Being a landlord can be stressful. From last-minute callouts for maintenance and repairs to chasing up tenants who are late paying rent, it’s not without its challenges. This makes the prospect of guaranteed rent particularly enticing—especially for landlords who’ve been struggling to find reliable tenants.
A guaranteed rent scheme, also known as a rent to rent scheme, is similar to sub-letting except it’s a commercial agreement rather than a standard Assured Shorthold Tenant agreement.
Guaranteed rent schemes are when a landlord enters into an agreement for a fixed term (typically between six months and a couple of years) with a third party who then takes control of managing the property and letting it to tenants. They pay the landlord a fixed monthly fee in return and effectively becomes the renter or tenant.
This third party is usually either a local council or housing association or a private letting agency. For councils and housing associations, working with private sector landlords allows them to expand the amount of social housing they can offer.
Letting agents are able to make a profit by charging tenants more than the monthly fixed fee that they pay the landlord. They may also turn the property into an HMO (House in Multiple Occupation) in order to make more money.
It’s worth pointing out that guaranteed rent schemes are not the same as rent guarantee insurance which is essentially an insurance policy that guarantees you a payment in the event that a tenant falls behind with rent. You can make a claim once your tenant has met a certain minimum in arrears (usually at least one month).

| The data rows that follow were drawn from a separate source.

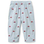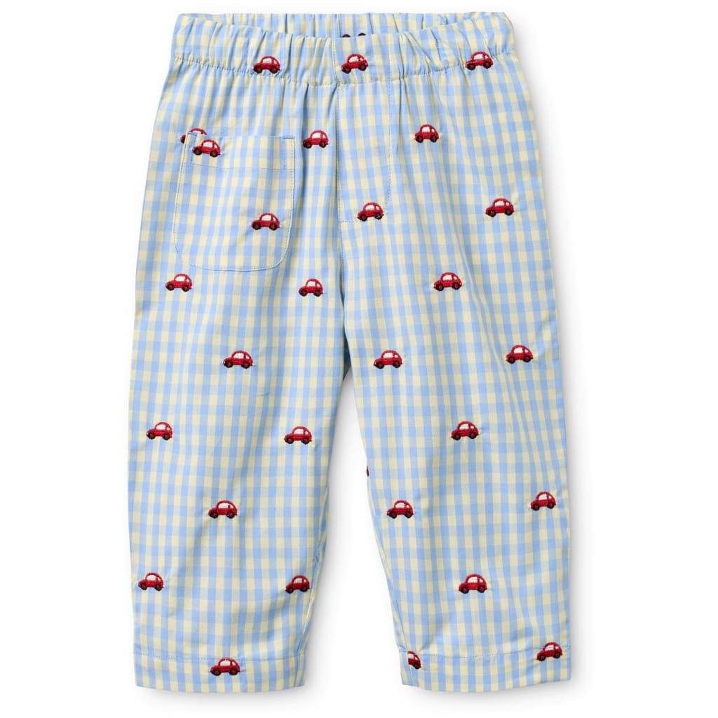 Spodnie Albert są uszyte w jasnoniebieską kratkę gingham z uroczym haftem przedstawiającym samochód. Spodnie są luźno dopasowane, z regulowaną gumką w pasie.
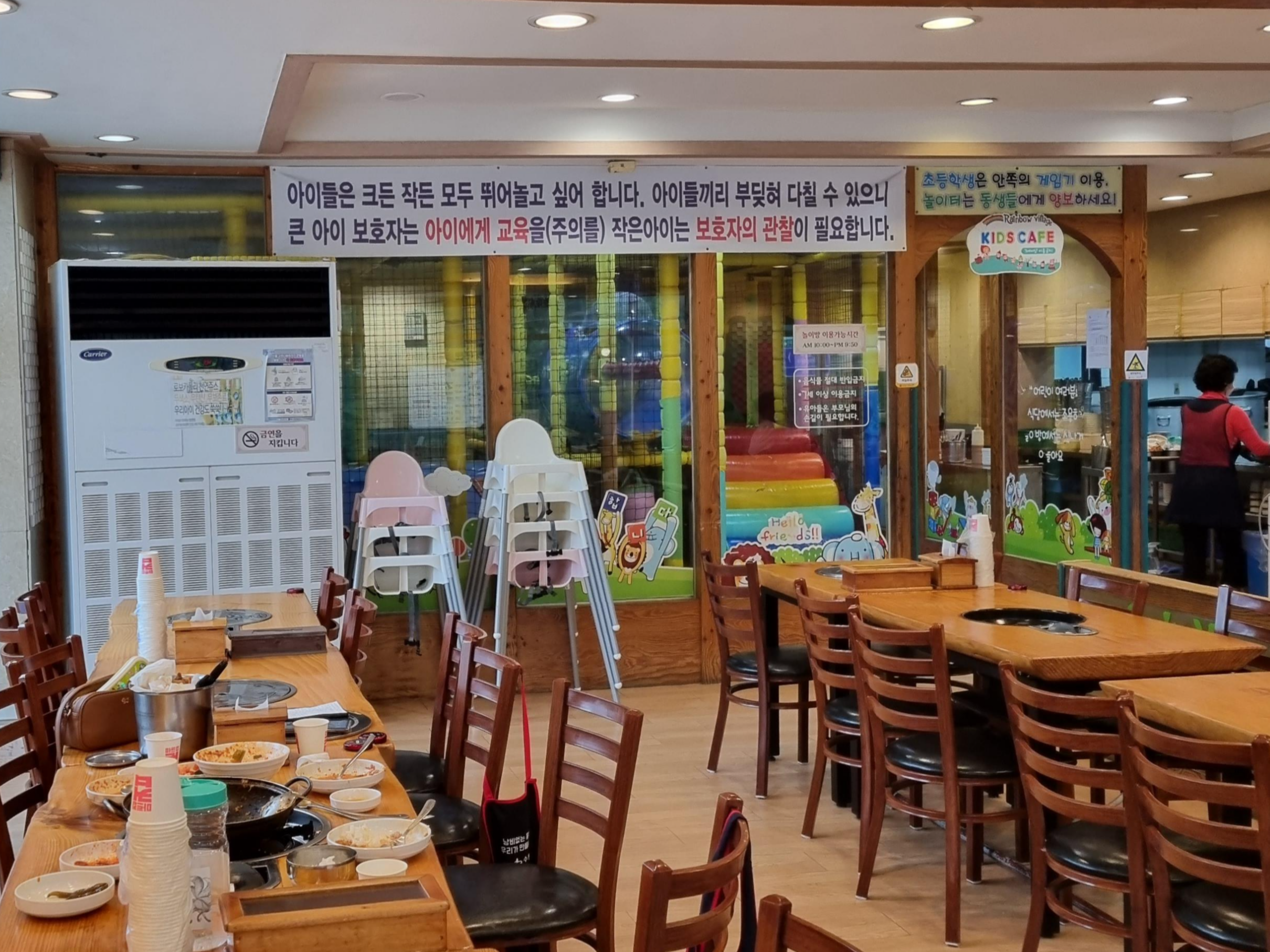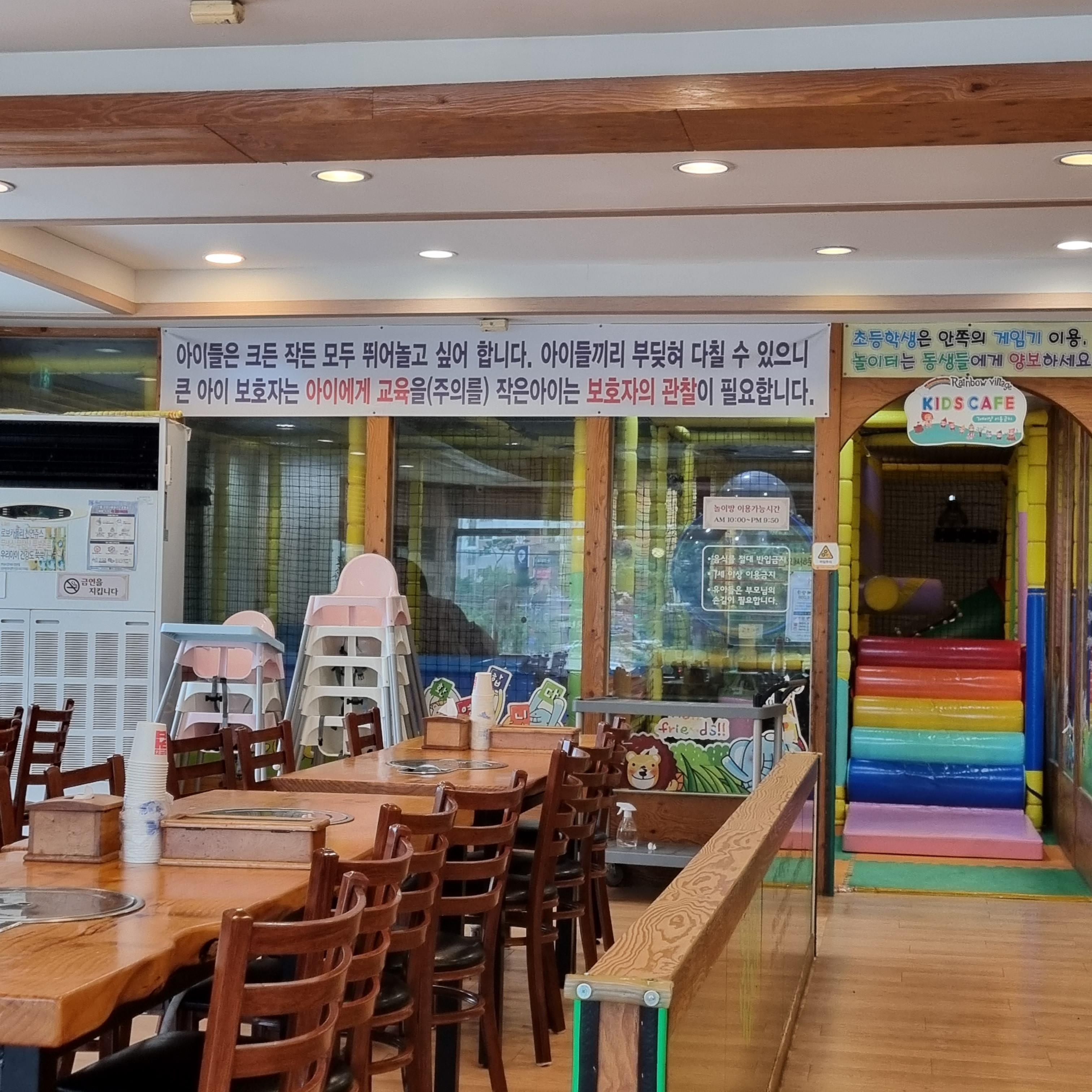 주방 옆에 놀이방이 있습니다. 키즈카페가 있는 식당답게 어린이 의자도 많이 구비하고 있답니다. 보통 아이들이 한 입 먹고 놀이방으로 갑니다. 놀이방과 테이블을 오가며 식사를 하곤 하네요.
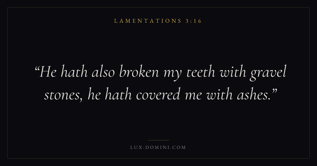 Books / Lamentations / Chapter 3 / Verse 16 ← Lamentations 3:15 Lamentations 3:16 Lamentations 3:17 → He hath also broken my teeth with gravel stones, he hath covered me with ashes. Download verse card Share on Twitter Share on Facebook Pin it ✦ Key themes HopeSuffering and trialsJustice and mercyLament Read with Lamentations 3:17Lamentations 3:18Romans 8:24Revelation 21:4 Related topics Bible verses about hopeBible verses about suffering and trialsBible verses about justice and mercyBible verses about grief and loss ✦ Lamentations Chapter 3 verses V. 1 V. 2 V. 3 V. 4 V. 5 V. 6 V. 7 V. 8 V. 9 V. 10 V. 11 V. 12 V. 13 V. 14 V. 15 V. 16 V. 17 V. 18 V. 19 V. 20 V. 21 V. 22 V. 23 V. 24 V. 25 V. 26 V. 27 V. 28 V. 29 V. 30 V. 31 V. 32 V. 33 V. 34 V. 35 V. 36 V. 37 V. 38 V. 39 V. 40 V. 41 V. 42 V. 43 V. 44 V. 45 V. 46 V. 47 V. 48 V. 49 V. 50 V. 51 V. 52 V. 53 V. 54 V. 55 V. 56 V. 57 V. 58 V. 59 V. 60 V. 61 V. 62 V. 63 V. 64 V. 65 V. 66
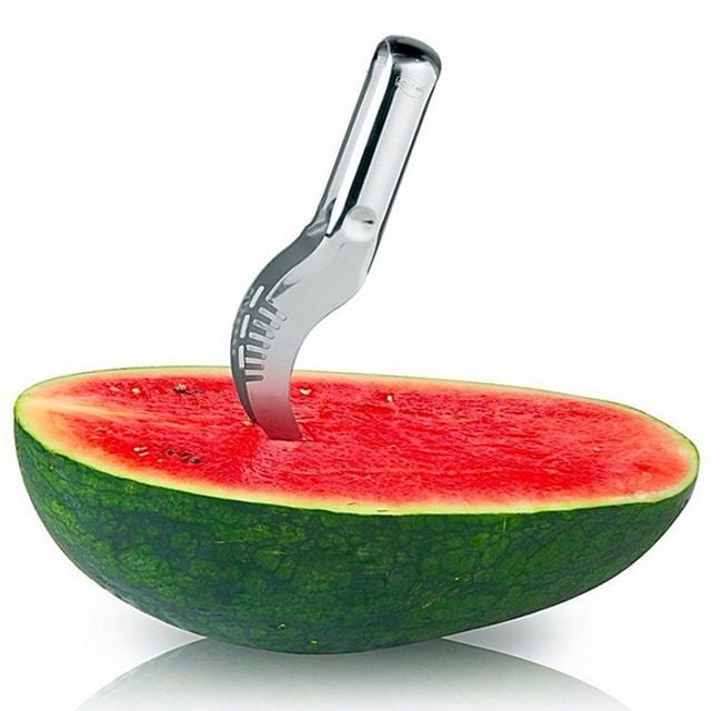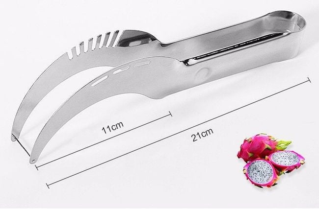 ¡Un gran complemento para tu cocina! Este cuchillo 2 en 1 es ideal para cortar sandía. Con este cuchillo con pinzas, podrás cortar la sandía de manera cómoda y sin problemas en cuestión de minutos, sin ensuciarte innecesariamente. El cuchillo también está diseñado como pinzas y en su extremo está unido con un alambre, con el que podrás cortar la sandía incluso desde su base.
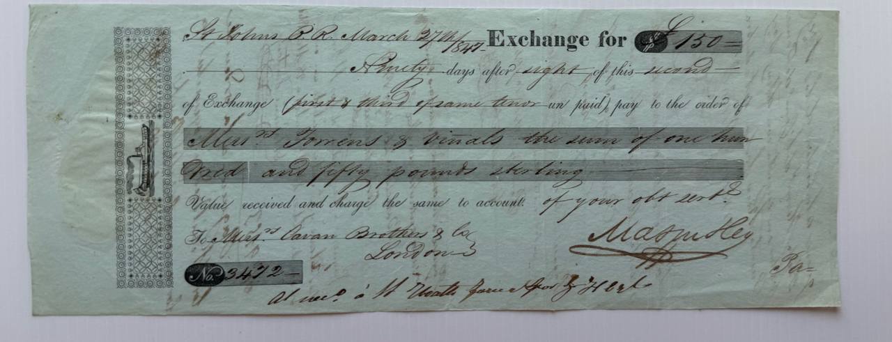 Historic commercial bill of exchange issued on March 27, 1847, from St. John, the English name used historically for San Juan, Puerto Rico. This financial document was drawn in pounds sterling (£150) to be paid in London through Thibaut Larion Brothers & Co. It reflects the international trade and commercial ties between the Caribbean and Europe during the mid-19th century. Signed by “Maguiley”, this rare pre-U.S. annexation Puerto Rican document is an exceptional collectible for those interested in Caribbean economic history and early financial instruments.
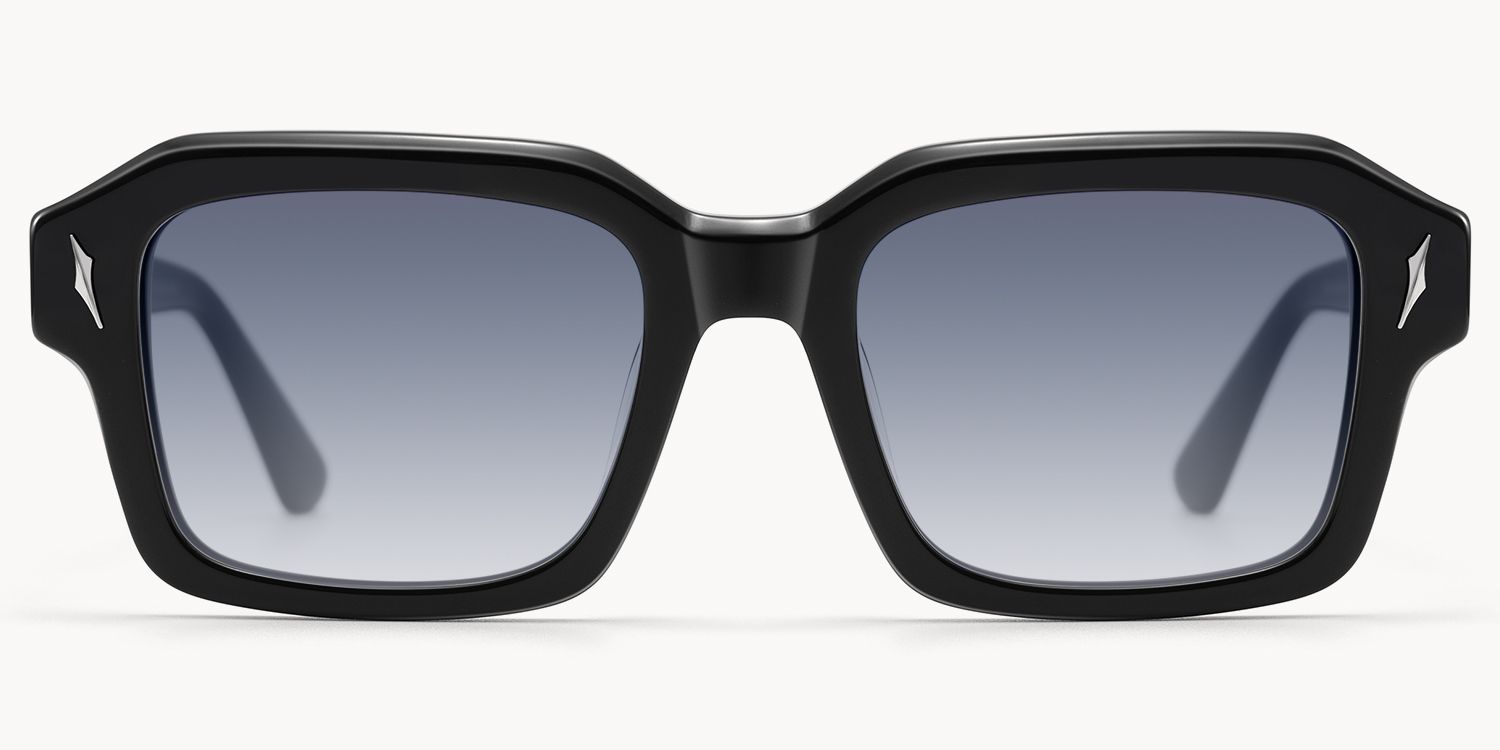 Blindspot is a bold square frame with black acetate and sculptural metal temples, featuring sharp, angular detailing. The combination of dark acetate and silver-tone accents delivers a sleek yet powerful aesthetic, perfect for those who embrace modern edge and refined strength.
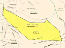 ![]() Tavistock highlighted in Camden County. Inset: Location of Camden County highlighted in the State of New Jersey. | |
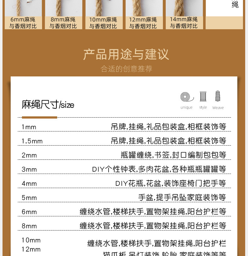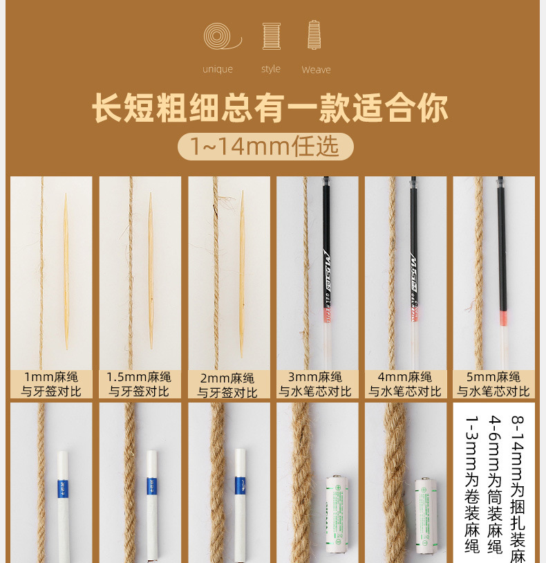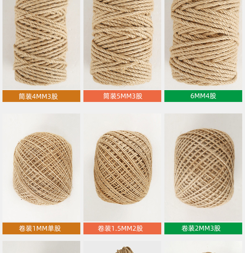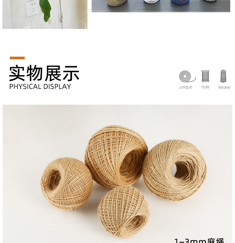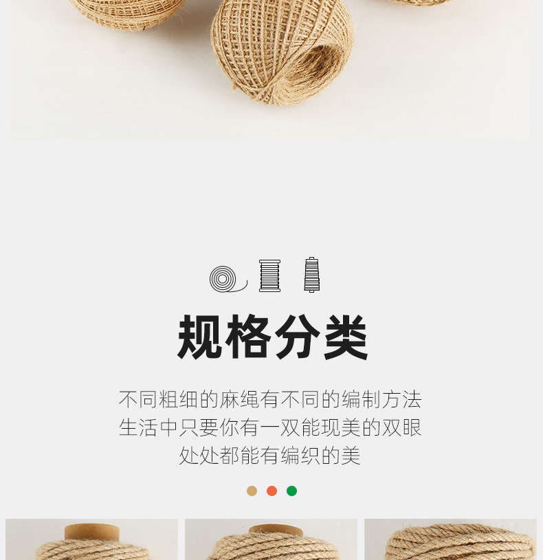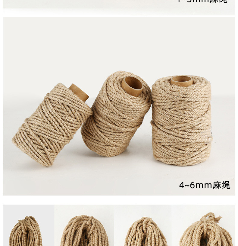 优质粗细麻绳绳子diy工艺品装饰绳猫抓柱捆绑绳diy吊牌黄麻绳

On the other, with guaranteed rent schemes, landlords receive payments every month, whether tenants have paid rent or not.
In recent years, there’s been a rise in guaranteed rent schemes with more and more landlords attracted to the security and stability they offer. Here we outline the advantages and disadvantages you should consider before entering into a guaranteed rent scheme.
Guaranteed Rent Schemes: Pros
Guaranteed Monthly Income
The main draw for landlords when it comes to guaranteed rent schemes is the prospect of a reliable and essentially passive income.
Landlords can feel reassured that they will receive a certain amount of money in their bank account at the same time each month—all for little to no effort. This money will arrive even if the property is empty and even during times of low growth in the rental market.
The third party will also cover utility costs, further reducing the financial strain of traditional tenancies, and landlords won’t be landed with sudden and unexpected costs. This makes property investment less risky. And, for buy-to-let landlords with mortgage repayments, it’s particularly attractive.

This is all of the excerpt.